Abundance bank bank notes banking
Photo by Pixabay on Pexels

Werkende Nederlanders krijgen steeds minder van het nationaal inkomen toebedeeld. Hun aandeel in de economische ‘koek’ daalt naar een van de laagste niveaus in meer dan vijftig jaar, voorspelt het CPB. Bedrijven en hun aandeelhouders profiteren; zij krijgen juist meer.

Dit betekent dat relatief gezien een steeds groter deel van de opbrengsten in de economie bij vermogende aandeelhouders terechtkomt, en een steeds kleiner deel bij gewone werkenden. Dat is een politiek pijnlijke uitkomst. Het kabinet heeft tussen de 30- en 40 miljard euro uitgetrokken om de koopkracht van burgers te stutten. Premier Rutte en de ministers Kaag (Financiën) en Van Gennip (Werkgelegenheid) smeken werkgevers de lonen extra te verhogen, opdat het kabinet de koopkrachtstress niet in zijn eentje hoeft te bestrijden.

Hoge inflatie

De cao-lonen in het bedrijfsleven stegen in het derde kwartaal 3 procent, terwijl de inflatie meer dan 12 procent bedroeg. Sinds 1973 is het niet eerder voorgekomen dat de loonontwikkeling zover achterbleef bij de stijging van de consumentenprijzen. De werkgeversorganisaties beweren dat de lonen niet nog verder omhoog kunnen, omdat bedrijven ook last hebben van de hoge inflatie. 60 procent van de ondernemers kan de gestegen kosten nauwelijks doorberekenen, stelt VNO-NCW.

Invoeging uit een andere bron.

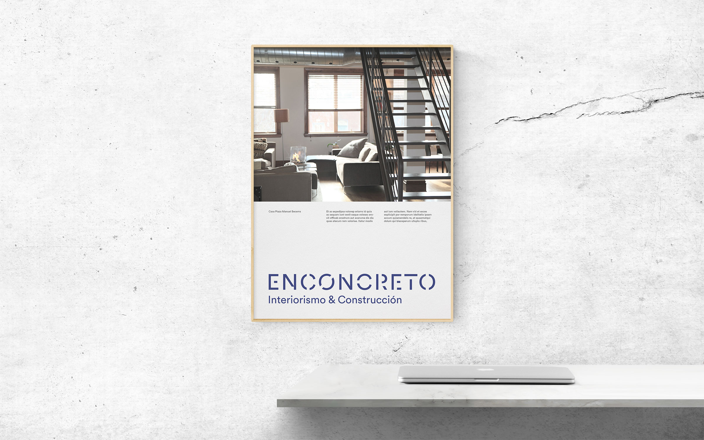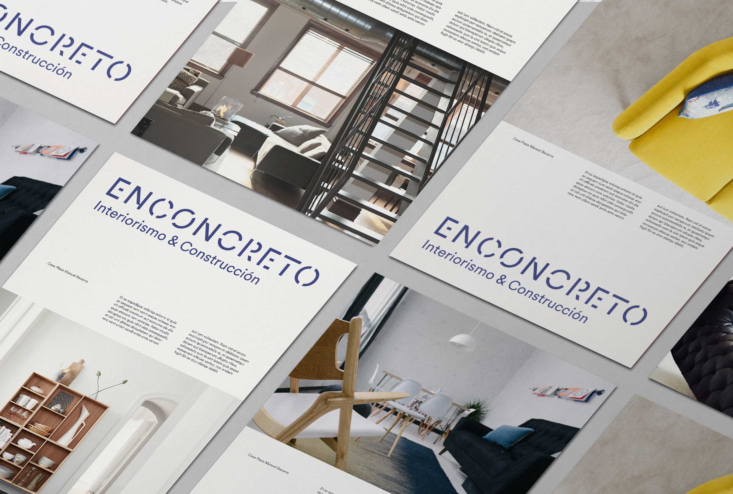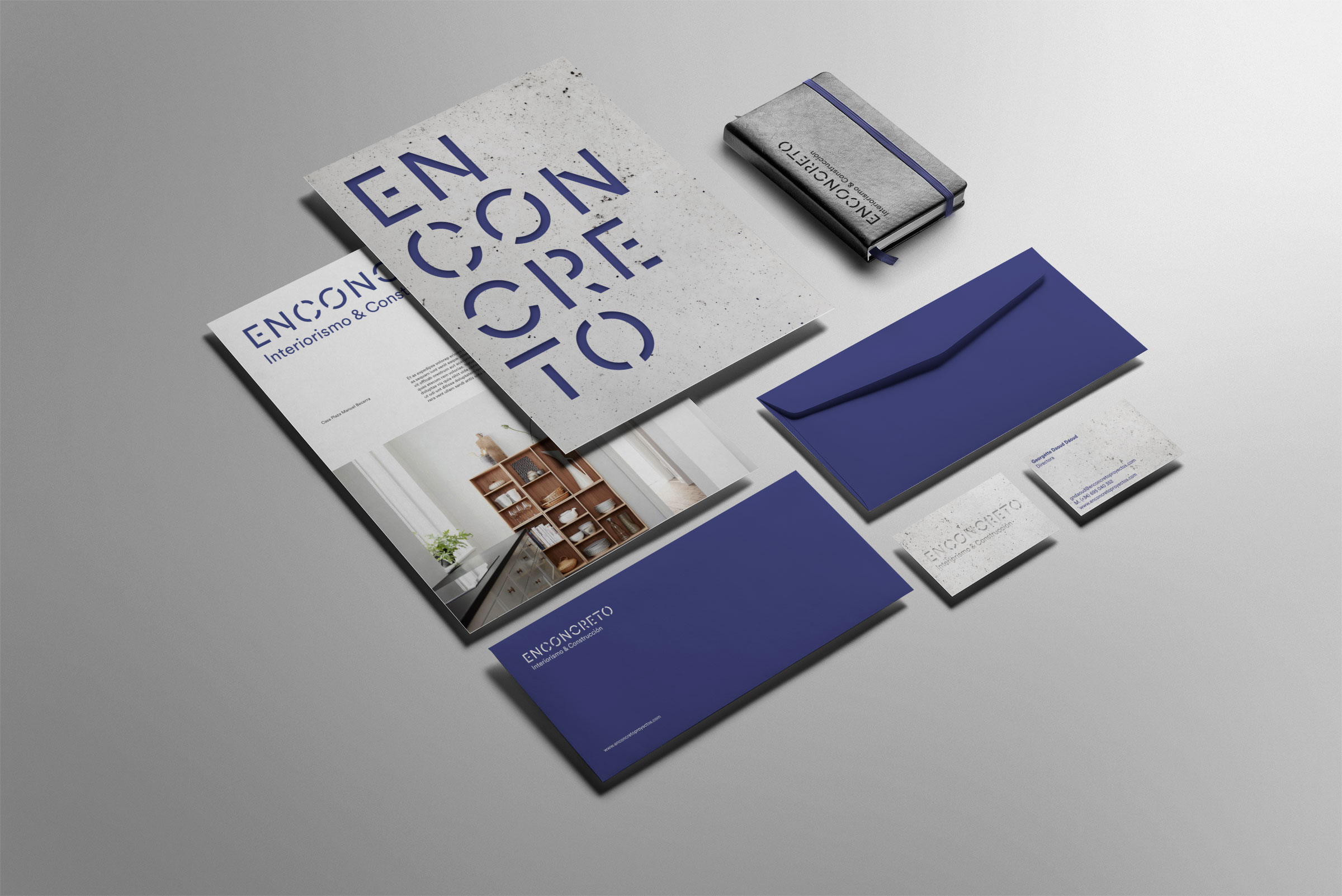 Otro componente importante en la identidad de Enconcreto es el propio naming. El concreto es un material fuerte, resistente que nos transmite conceptos como seguridad o confianza. Pero también significa reducir a lo más esencial. Estos significados ayudaron a definir una identidad simple, moderna y clara. En cuanto a los recursos gráficos, el stencil y la textura del concreto como material son elementos presentes en diversas piezas.

Minstens 40 procent kan dat dus wel. Ook het CPB en De Nederlandsche Bank (DNB) concluderen dat in een aantal sectoren de lonen harder kunnen stijgen dan nu gebeurt. 

[…]

Dat werkenden er steeds bekaaider afkomen, is een wereldwijde trend met structurele oorzaken. De belangrijkste zijn (sinds begin jaren tachtig) de marktderegulering door overheden en de globalisering. De internationalisering van de economie heeft de macht van grote bedrijven vergroot en die van vakbonden verkleind. Werkgevers kunnen tegenwoordig gemakkelijk goedkope arbeid importeren. Ook kunnen ze nationale overheden die de winstbelasting willen verhogen tegen elkaar uitspelen.